The coefficients in the test data to give this equality are $\hat\beta_{intercept} = -2.62802$ and $\hat\beta_{slope} = 5.87788$. However, the coefficients being used are from the training data, $\hat\beta_{intercept} = 0.07146299$ and $\hat\beta_{slope} = 2.04047943$.

  1. This always holds for ordinary least squares linear regression with an intercept. If you use a nonlinear regression (even one fit by minimizing the sum of squared residuals), a linear regression fit by a method other than minimizing the sum of squared residuals, or use a linear regression without an intercept and fit the model by minimizing the sum of squared residuals, you no longer meet the conditions to give the decomposition of the total sum of squares into the classical "explained" and unexplained" sums of squares. Again, that $Other$ term from the link cannot be counted on to be zero if you deviate from ordinary least squares linear regression with an intercept. Consider the example below where a linear model $\mathbb Ey = \beta_0 + \beta_1 x$ is fit using a minimization of the sum of absolute residuals instead of squared residuals.
library(quantreg)
set.seed(2023)
N <- 10
x <- runif(N)
y <- 2*x + rnorm(N)
Q <- quantreg::rq(y ~ x) # Minimize absolute loss
L <- lm(y ~ x)           # Minimize square loss, as usual
predictions_Q <- predict(Q)
predictions_L <- predict(L)
SSTotal <- sum((y - mean(y))^2)
SSResidual_Q <- sum((y - predictions_Q)^2)
SSExplained_Q <- sum((predictions_Q - mean(y))^2)
SSResidual_L <- sum((y - predictions_L)^2)
SSExplained_L <- sum((predictions_L - mean(y))^2)
SSTotal - (SSResidual_Q + SSExplained_Q) # Differ by about -2
SSTotal - (SSResidual_L + SSExplained_L) # Differ by essentially zero

When we use a linear model with an intercept yet fit the coefficients using an alternative to ordinary least squares, the decomposition fails. However, in the OLS situation, the decomposition holds within what I consider acceptable bounds of doing math on a computer.
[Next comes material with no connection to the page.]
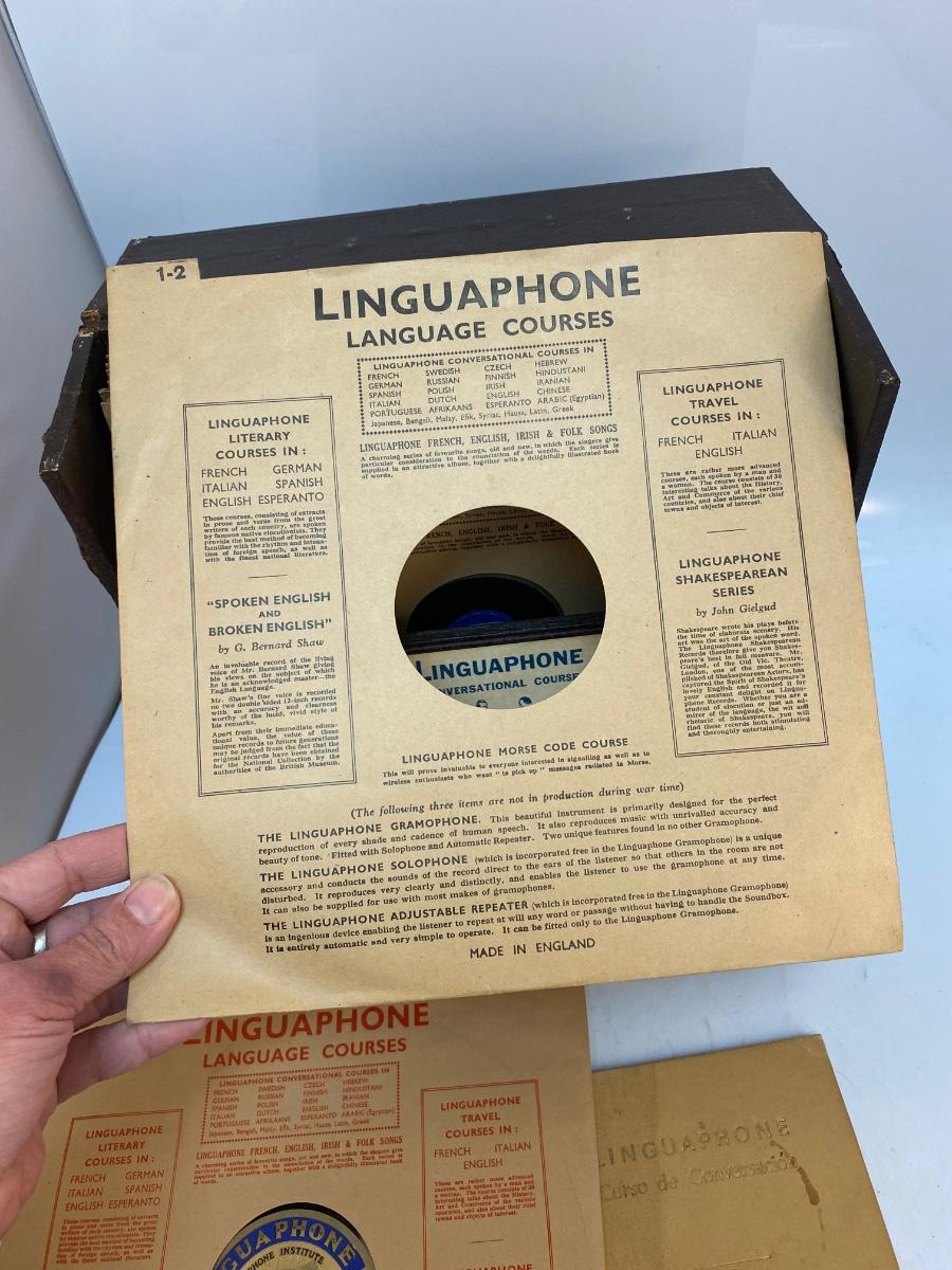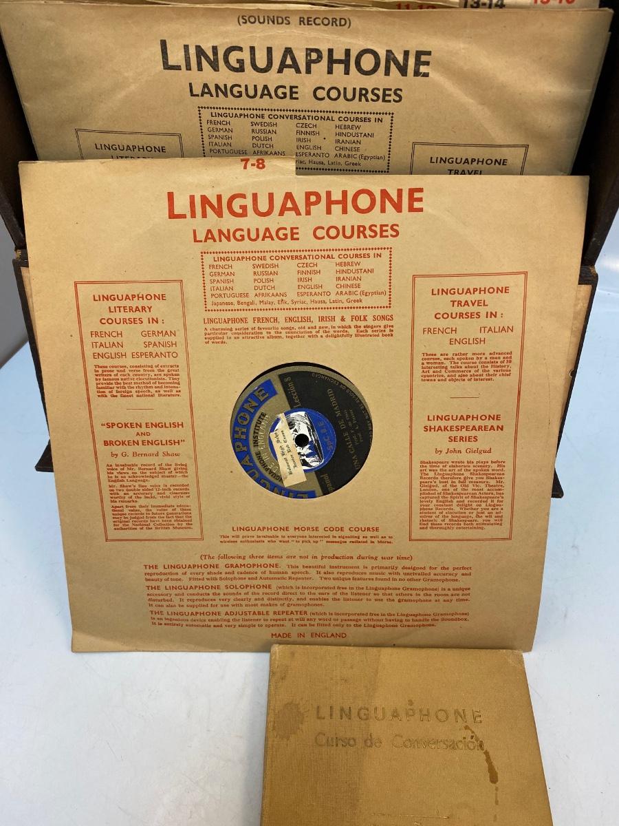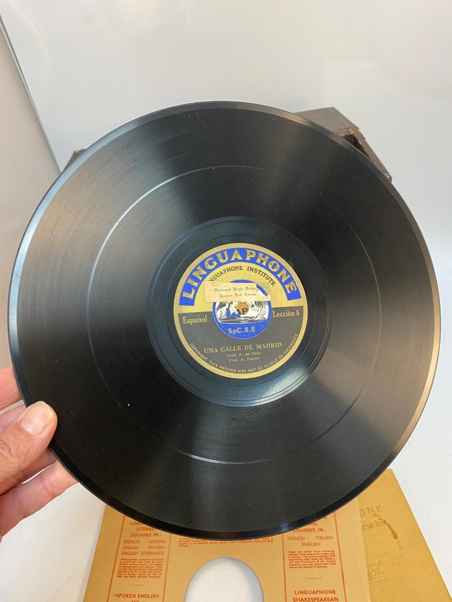 Vintage Linguaphone Learn Spanish Conversational Course on Album with Carry Case. Missing one album of the 15-album set. Comes with a follow along style book. In vintage condition. Case has wear. Mid 1950s.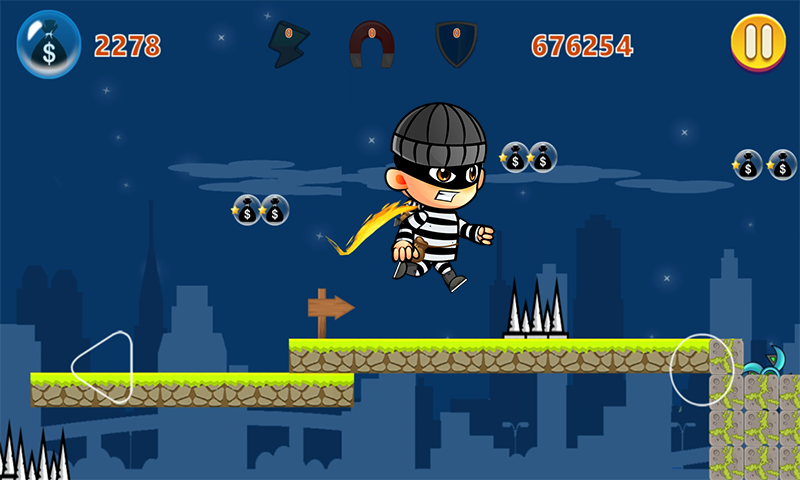 Bob the robber is going to rob people and the bank in his city. But There are many many crises in his way run like police, the cop in car police and more.

  1. This will hold when the author defines $R^2$ this way. However, it will not coincide with other common definitions of $R^2$, such as the $R^2 = 1 - \frac{SS_{Residual}}{SS_{Total}}$ you gave, unless that $Other$ term from my linked answer equals zero.

Somewhat related is my usual spiel about what $R^2$ should mean. You can calculate whatever you want, but I find one calculation to be most useful. I'll close by quoting another post of mine, which also deals with calculating out-of-sample $R^2$ (though mostly with regards to what the denominator should be).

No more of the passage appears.